Gnathostoma binucleatum

Scientific classification
- Kingdom: Animalia
- Phylum: Nematoda
- Class: Chromadorea
- Order: Rhabditida
- Family: Gnathostomatidae
- Genus: Gnathostoma
- Species: G. binucleatum
- Binomial name: Gnathostoma binucleatum Almeyda-Artigas, 1991

= Gnathostoma binucleatum =

- Genus: Gnathostoma
- Species: binucleatum
- Authority: Almeyda-Artigas, 1991

Species of roundworm

Gnathostoma binucleatum is a nematode that is a parasite of canids and felids in the Americas.

==Description==
Gnathostoma binucleatum is a medium-sized nematode. It has eight to ten transverse rows of hooks on the head end, surrounding one pair of trilobed lips, with the central lobe smaller than the flanking lobes. Cervical papillae (small bumps) occur at about one-quarter of the length of the body from the head (16 to 20 rows of spines). All of the body is covered by spines. The spines from just behind the head to the cervical papillae are short and broad, and have one to three points, with the Central point growing longer from front to rear. Spines in the mid-esophogeal region are long and slender, with one to two points, decreasing to one point towards the rear. Beyond there spines gradually become smaller and more widely spced towards the caudal end. The spicules (male mating structures) are blunt and unequal, with the left spicule much longer than the right. The eggs have one polar cap. The type host was an Ocelot (Leopardus pardalis), and the type locality was Temascal, Oaxaca, Mexico. G. binucleatum has also been reported to occur in Ecuador. The typical location of infection in the primary host is the stomach.

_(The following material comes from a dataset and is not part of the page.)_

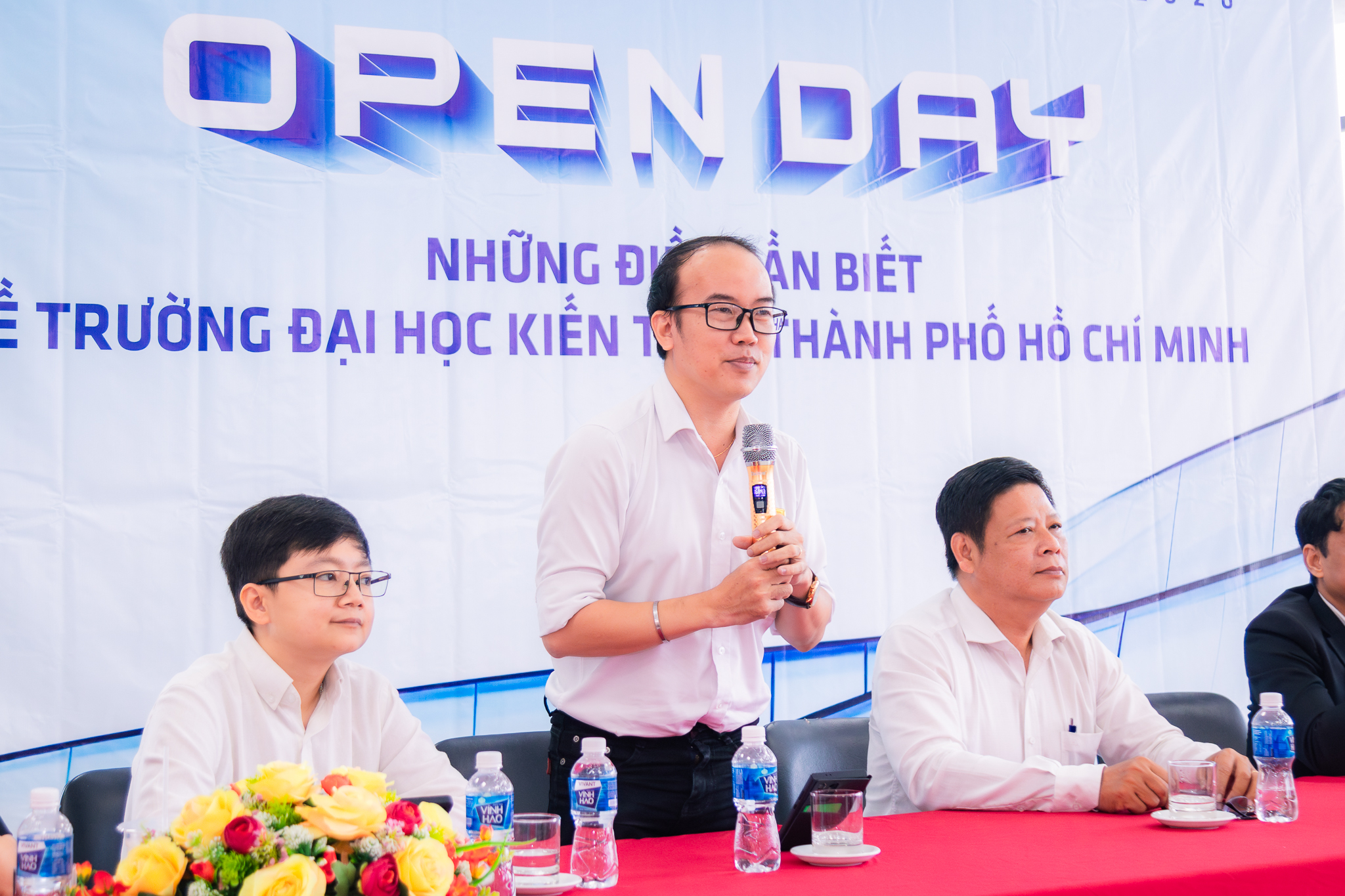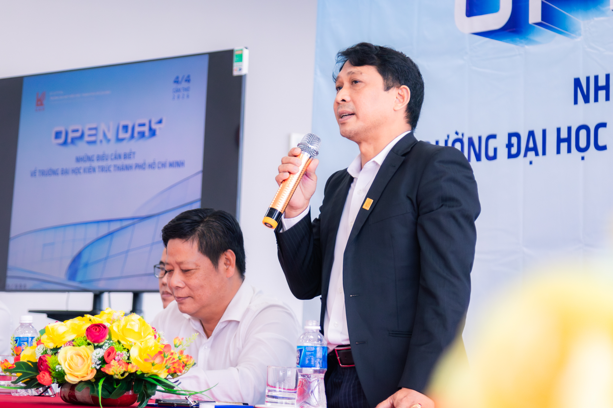 Mở đầu ngày hội, TS. Ngô Trùng Dương - Giám đốc Trung tâm đào tạo cơ sở Cần Thơ nhấn mạnh, các bạn trẻ học tập tại cơ sở Cần Thơ hoàn yên tâm khi được thụ hưởng chất lượng đào tạo chuẩn mực, thống nhất với cơ sở chính dưới sự dẫn dắt của đội ngũ giảng viên chuyên môn cao. Theo thầy Dương, cơ sở Cần Thơ chính là nơi những ý tưởng sơ khai nhất của các bạn trẻ được nuôi dưỡng để trở thành các đồ án thực tiễn, góp phần giải quyết bài toán nóng hổi về quy hoạch, hạ tầng đô thị và biến đổi khí hậu tại chính quê hương miền Tây. Lợi thế địa phương không chỉ giúp các em tiết kiệm chi phí mà còn tạo ra nguồn cảm hứng thiết kế mang đậm hơi thở sông nước nhưng vẫn hiện đại, hội nhập.

Gnathostoma binucleatum has been confused with the Asiatic species Gnathostoma spinigerum because of similarities in the shapes of hooks and spines, the eggs being unipolar, and both species having canids and felids as primary hosts. The species differ in that G. binucleatum has a maximum of three points on spines and just one point on spines in the mid-region, while G. spinigerum has a maximum of four to five points on spines and always has three points on spines in the mid-region. Eggshells of G. binucleatum are smooth while those of G. spinigerum have many small pits.

==Life history==
Gnathostoma binucleatum has a multi-host life history, as do all species of Gnathostoma. The eggs hatch in fresh water and the larvae are eaten by copepods. The copepods are in turn eaten by second intermediate hosts (fish and amphibians), which may be consumed in turn by paratenic or transport hosts (reptiles and birds). Eventually, the larvae end up in the stomachs of the primary hosts, where the larvae embed in the stomach wall and develop into adults, and release eggs into the digestive tract. Embryos develop in eggs which reach fresh water.

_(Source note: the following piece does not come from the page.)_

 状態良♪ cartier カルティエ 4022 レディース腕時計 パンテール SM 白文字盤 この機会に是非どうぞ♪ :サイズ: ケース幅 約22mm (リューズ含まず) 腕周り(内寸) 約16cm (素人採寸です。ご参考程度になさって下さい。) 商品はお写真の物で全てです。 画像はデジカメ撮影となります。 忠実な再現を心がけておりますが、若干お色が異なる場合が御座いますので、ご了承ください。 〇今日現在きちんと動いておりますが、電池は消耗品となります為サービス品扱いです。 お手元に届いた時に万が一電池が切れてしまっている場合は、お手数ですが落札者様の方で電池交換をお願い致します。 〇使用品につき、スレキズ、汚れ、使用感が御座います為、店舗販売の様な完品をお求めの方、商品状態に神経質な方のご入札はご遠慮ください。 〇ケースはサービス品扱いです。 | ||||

Advanced third-stage larvae of Gnathostoma binucleatum have been found in three species of fish caught in Tabasco, Mexico that are consumed by humans, Gobiomorus dormitor, Petenia splendida, and Parachromis managuensis.

==Human infection==
Ingestion of third-stage larvae of Gnathostoma binucleatum is the only known cause of gnathostomiasis in the Americas. Although gnathostomiasis resembles other parasitic infections, as of 2012, 9,000 documented cases had been identified in Mexico, usually by recovery of third-stage larvae from victims. In the Americas, gnathostomiasis is acquired by eating raw or under-cooked fresh-water fish that are intermediate hosts of the third-stage larvae.